(INPUT Opens)
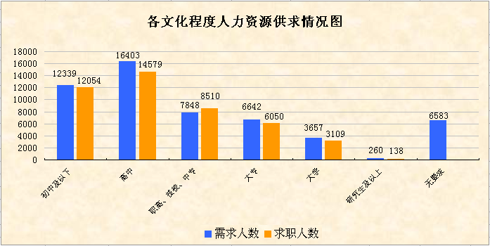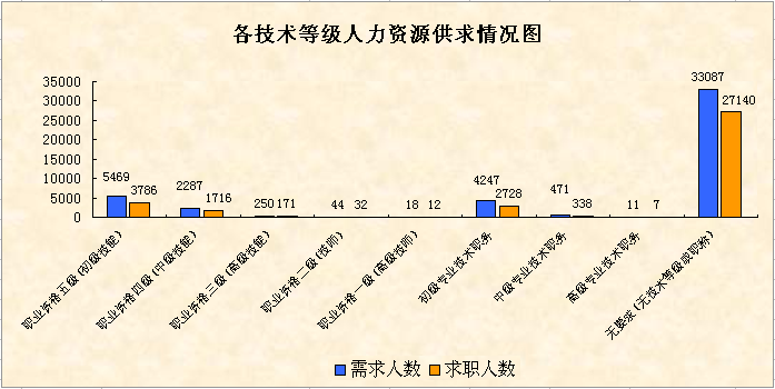 第二季度,从企业用工及人力资源服务平台信息系统和全市人力资源服务机构的数据统计,全市用人单位登记招聘职位数共45884个,登记求职人数共35930人,总体职位供求比为1:0.78(招聘职位数为1,求职人数为 0.78,下同);全市人力资源市场总体用工缺口为9954人。
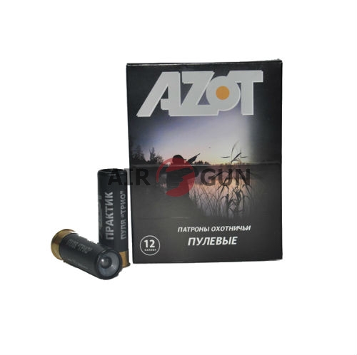Патрон 12x70 с пулей Трио AZOT - охотничий пулевой патрон калибра 12x70 с пулей Трио от знаменитого производителя патронов AZOT для снаряжения гладкоствольного оружия. Скорость 415-420 м/с. Давление 650-700 бар. Кучность 40-45 % на 50 м. Гильза п/э импорт. Капсюль СХ-2000. Масса пули 33 гр. Порох Сокол/Сунар. В пачке 10 патронов.
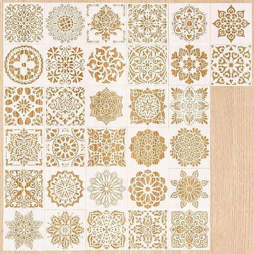 Pochoirs de Peinture,32 Pièces Pochoir de Peinture en Plastique,15 * 15cm Pochoir Mandala pour Peinture,Motif Mandala Découpe Laser,1Convient à la pulvérisation Murale
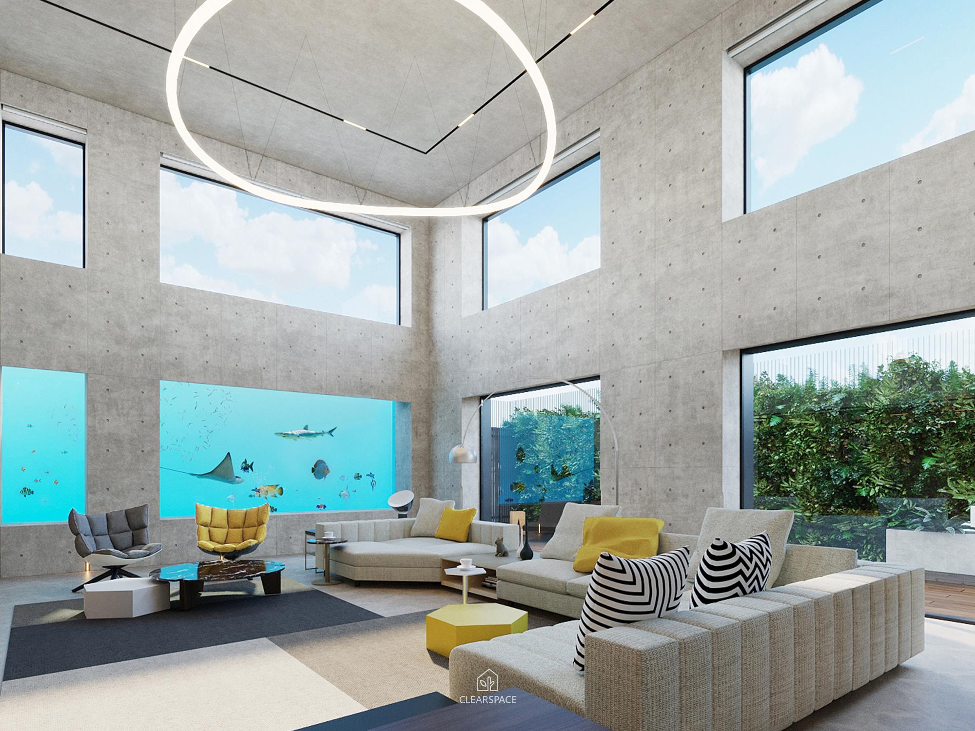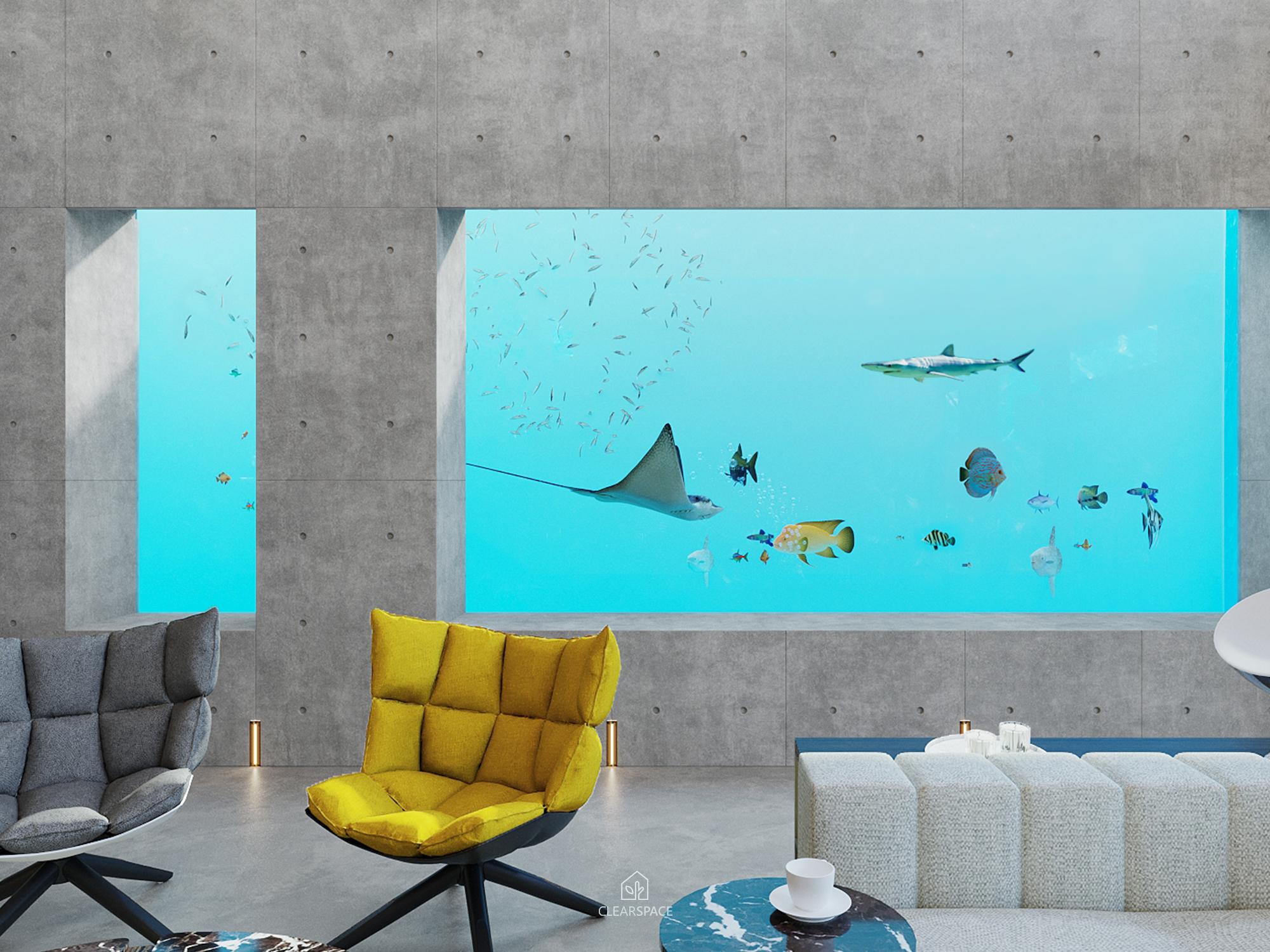 Eight expansive windows on the northwest unfold a poetic landscape, alongside a 25-cubic-meter seawater aquarium, creating a refractive spectacle. Active shading curtains choreograph sunlight, adding a dynamic play of shadows.
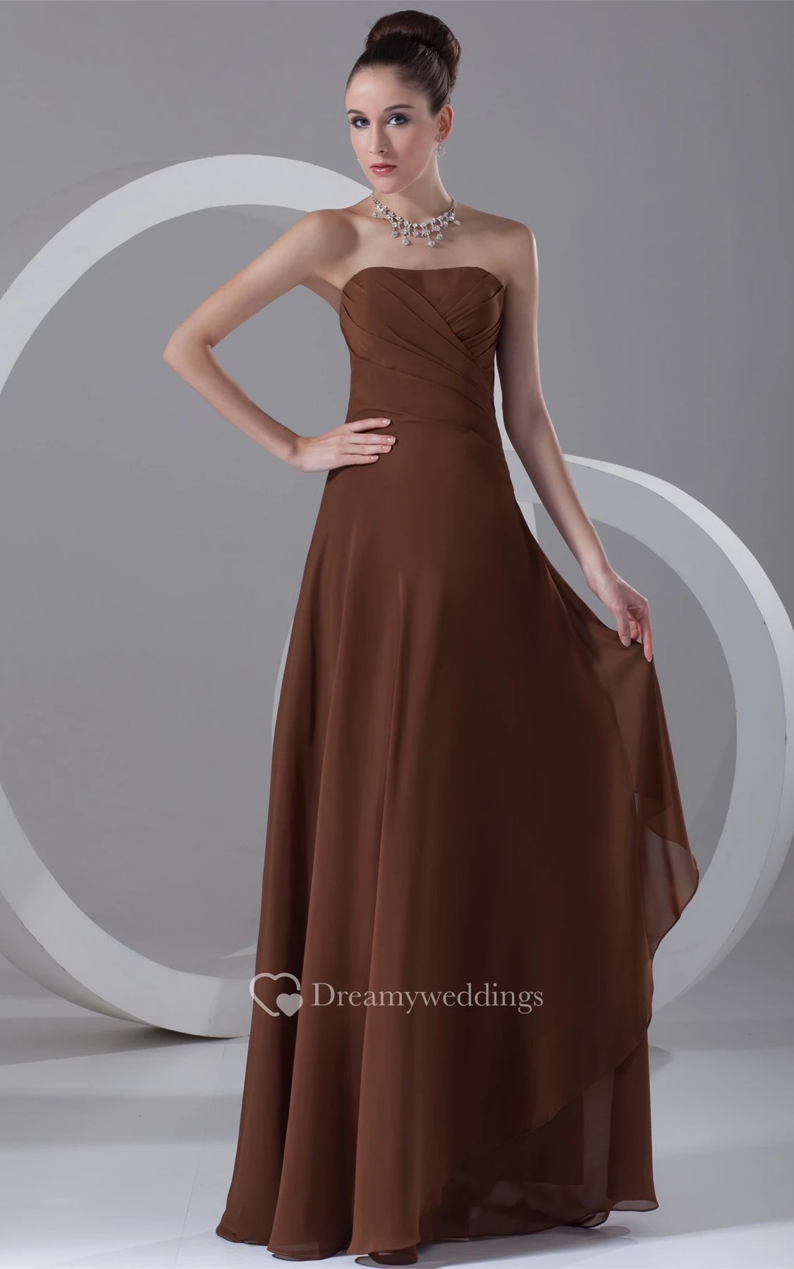 Strapless Sheath Chiffon Corset Back and Dress With Ruching
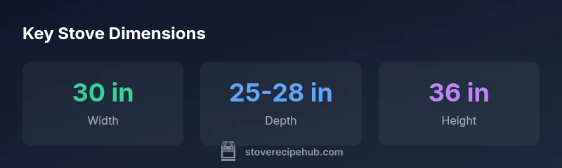 For home cooks and kitchen renovators, understanding what are the dimensions of a stove is essential for fit, safety, and workflow. The three primary measurements are width, depth, and height, which together determine how the appliance sits in a counter enclosure and how it interacts with burners, ventilation, and surrounding cabinets. In practical terms, most standard stoves begin at about 30 inches wide, about 25 to 28 inches deep, and around 36 inches high. These dimensions influence how much usable prep space remains, how easy it is to reach the back elements, and whether an oven door clears a nearby wall or island. From a stove-top perspective, those numbers matter for heat distribution, burner spacing, and the ability to slide pans in and out without brushing knobs or controls. According to Stove Recipe Hub, selecting the right size is not merely aesthetic; it affects airflow, heat retention, and pan stability in busy kitchens. When you plan a cooking zone, measure the space between adjacent cabinets and ensure you have at least a few inches of clearance to prevent heat damage and to allow door clearance. In short, the core dimensions are width, depth, height, plus the extra clearance needed for venting and exhaust.
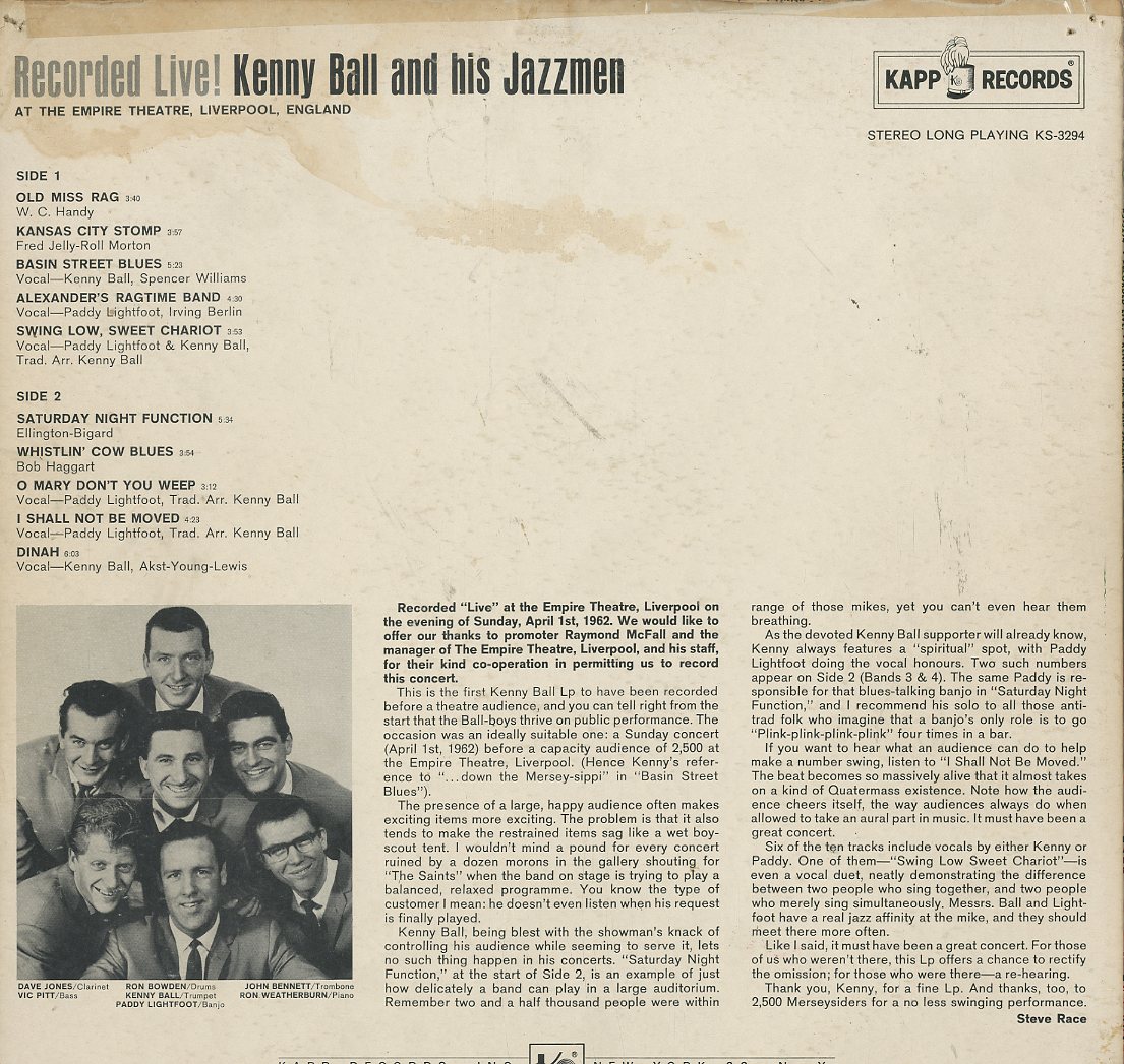 Discographie von Kenny Ball And His Jazzmen![]() Kapp KS 3294 Kenny Ball And His Jazzmen Recorded Live Eintrag bei DISCOGS (extern) US 1962, LP, Jazz Aufnahme: Stereo Zustand: vg+ / vg (Smiley Sticker, Rücks. Kaffeflecken) Recorded April 1st, 1962 at the Empire Theatre Liverpool, England, u.a. Saturday Night Function, I Shall Not Be Moved, Dinah, Swing Low Sweet Chariot Original in UK Als The Kenny Ball Show erschienen Preis in Euro: 4,00 € Verfügbarkeitsanfrage | ![]() Coveransicht: Kenny Ball And His Jazzmen - Recorded Live ![]()
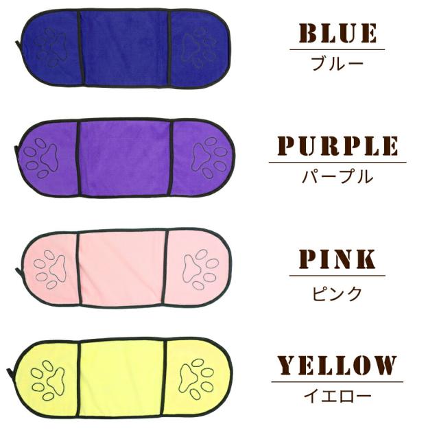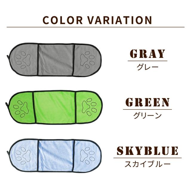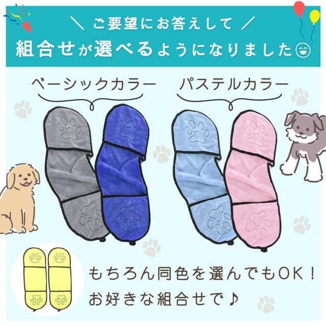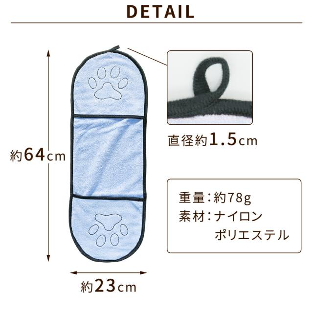 ペットタオル/2枚セット/ペット/タオル/バスタオル/犬/猫/わんちゃん/ねこちゃん/体拭き/吸水性/吸水/通気性/速乾/乾きやすい/柔らかい/ふわふわ/ポケット/お風呂/シャンプー/ドライヤー/時短/時間短縮/コンパクト/ひも/ひも付き/フック/肉球/かわいい/刺繍/ステッチ/プレゼント/グレー/グリーン/スカイブルー/ブルー/パープル/ピンク/イエロー/
(INPUT Closes)
In case the records contain pictures, keep those out and repeat the rest exactly.

RESPONSE TO THE TASK:
 第二季度,从企业用工及人力资源服务平台信息系统和全市人力资源服务机构的数据统计,全市用人单位登记招聘职位数共45884个,登记求职人数共35930人,总体职位供求比为1:0.78(招聘职位数为1,求职人数为 0.78,下同);全市人力资源市场总体用工缺口为9954人。
Патрон 12x70 с пулей Трио AZOT - охотничий пулевой патрон калибра 12x70 с пулей Трио от знаменитого производителя патронов AZOT для снаряжения гладкоствольного оружия. Скорость 415-420 м/с. Давление 650-700 бар. Кучность 40-45 % на 50 м. Гильза п/э импорт. Капсюль СХ-2000. Масса пули 33 гр. Порох Сокол/Сунар. В пачке 10 патронов.
 Pochoirs de Peinture,32 Pièces Pochoir de Peinture en Plastique,15 * 15cm Pochoir Mandala pour Peinture,Motif Mandala Découpe Laser,1Convient à la pulvérisation Murale
 Eight expansive windows on the northwest unfold a poetic landscape, alongside a 25-cubic-meter seawater aquarium, creating a refractive spectacle. Active shading curtains choreograph sunlight, adding a dynamic play of shadows.
 Strapless Sheath Chiffon Corset Back and Dress With Ruching
 For home cooks and kitchen renovators, understanding what are the dimensions of a stove is essential for fit, safety, and workflow. The three primary measurements are width, depth, and height, which together determine how the appliance sits in a counter enclosure and how it interacts with burners, ventilation, and surrounding cabinets. In practical terms, most standard stoves begin at about 30 inches wide, about 25 to 28 inches deep, and around 36 inches high. These dimensions influence how much usable prep space remains, how easy it is to reach the back elements, and whether an oven door clears a nearby wall or island. From a stove-top perspective, those numbers matter for heat distribution, burner spacing, and the ability to slide pans in and out without brushing knobs or controls. According to Stove Recipe Hub, selecting the right size is not merely aesthetic; it affects airflow, heat retention, and pan stability in busy kitchens. When you plan a cooking zone, measure the space between adjacent cabinets and ensure you have at least a few inches of clearance to prevent heat damage and to allow door clearance. In short, the core dimensions are width, depth, height, plus the extra clearance needed for venting and exhaust.
 Discographie von Kenny Ball And His Jazzmen![]() Kapp KS 3294 Kenny Ball And His Jazzmen Recorded Live Eintrag bei DISCOGS (extern) US 1962, LP, Jazz Aufnahme: Stereo Zustand: vg+ / vg (Smiley Sticker, Rücks. Kaffeflecken) Recorded April 1st, 1962 at the Empire Theatre Liverpool, England, u.a. Saturday Night Function, I Shall Not Be Moved, Dinah, Swing Low Sweet Chariot Original in UK Als The Kenny Ball Show erschienen Preis in Euro: 4,00 € Verfügbarkeitsanfrage | ![]() Coveransicht: Kenny Ball And His Jazzmen - Recorded Live ![]()
 ペットタオル/2枚セット/ペット/タオル/バスタオル/犬/猫/わんちゃん/ねこちゃん/体拭き/吸水性/吸水/通気性/速乾/乾きやすい/柔らかい/ふわふわ/ポケット/お風呂/シャンプー/ドライヤー/時短/時間短縮/コンパクト/ひも/ひも付き/フック/肉球/かわいい/刺繍/ステッチ/プレゼント/グレー/グリーン/スカイブルー/ブルー/パープル/ピンク/イエロー/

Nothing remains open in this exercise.